Don concentrates on the grander gardens, those of chateaux and fancy private houses, but mixes it up with visits to allotments in the sketchy Paris banlieue of Aubervilliers, Karl Lagerfeld’s gold medal-winning Chanel garden at Chelsea Flower Show and the garden on the roof of the Hermès shop in Paris. He’s surprisingly critical of the gardens he dislikes, but thoughtful and even lyrical about the ones he does like.
The French, he explains, differ from the British (I don’t know about the Australians!) in their love of formal gardens, and of gardens that involve philosophy. This is where my garden naiveté comes in: I had no idea gardens could have philosophies. But blimey, these do - and it’s fascinating.
Renowned garden designer Gilles Clément’s garden in the countryside south of Paris is organic, but so much more than that: he espouses a kind of natural gardening that takes the idea of working with, rather than against, nature to its extreme.

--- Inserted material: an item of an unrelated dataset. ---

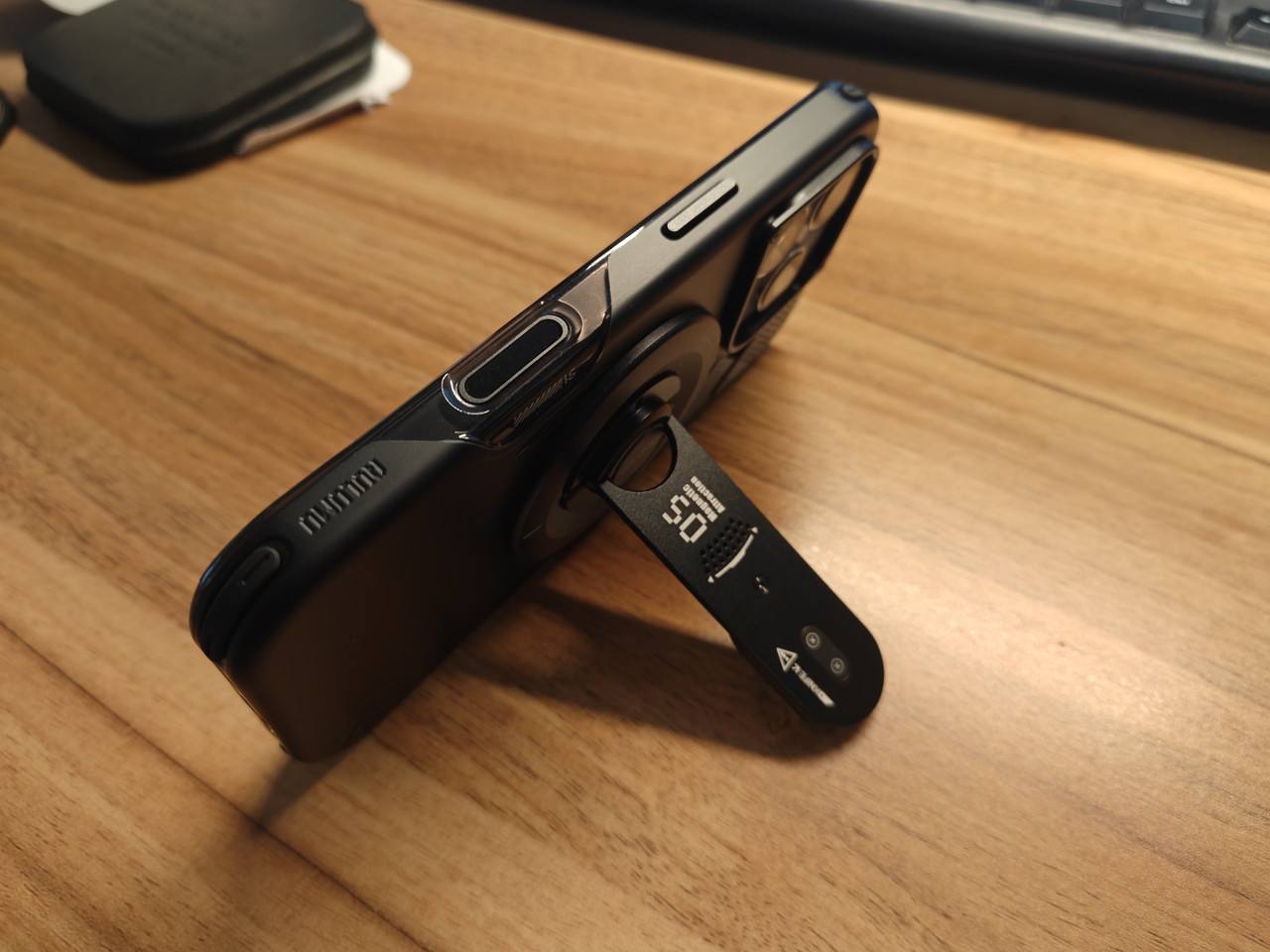 スタンドを装着しても厚みは大きく増さず、スマホの持ちやすさを損ねない点も好印象でした。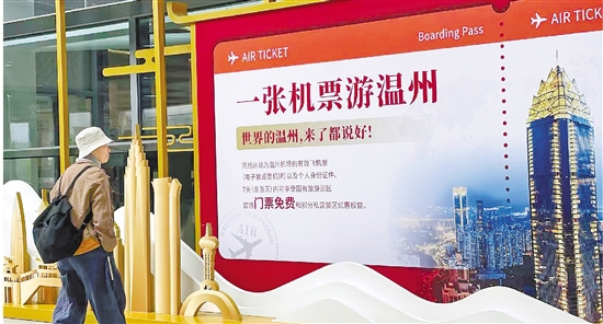 设在温州机场的“一张机票游温州”宣传海报。 本报记者 周琳子 摄

He is an anti-gardener: “He tries to exercise as little control as he possibly can over how his plants grow, believing that what happens is always interesting, regardless of the direct cause”, Don explains, and doesn’t even believe in weeds or indigenous plants: “Across the millennia plants have moved freely around the globe and then become isolated and ‘local’ but that, he says, is a very human-centric view of things. His view is that if a plant will grow happily, then it belongs in that place, regardless of whether it has been planted there deliberately, been transported as seed by a bird or in the hem of a skirt, arrived yesterday or 100,000 years ago. In the greater scheme of things man is no more a significant agent in the dispersal of plants than birds, weather or insects.”
One of the absolute joys of reading is that it can introduce you to totally new ideas - and this was one, for me. Clément sees ecology as fluid movement, and believes the solution to all horticultural problems lies in accepting that things are forever in flux. This is such an appealing idea and one I’ll need to sit with for a while: doesn’t it rather contravene most ideas around conservation? Research needed! (I did find a thoughtful long read on Australian indigenous plants over on The Planthunter that explores some of the complexities involved in the clash between nature and culture that is cultivating a garden.)
Be warned: this book will send you down a rabbit hole of internet image searches: I absolutely had to find out what La Vallée actually looks like, or see “the perfect template for the ordering of nature” at Vaux le Vicomte, or the overstuffed, tourist-cluttered Giverny that so inspired Monet. But there are worse ways to spend a rainy afternoon.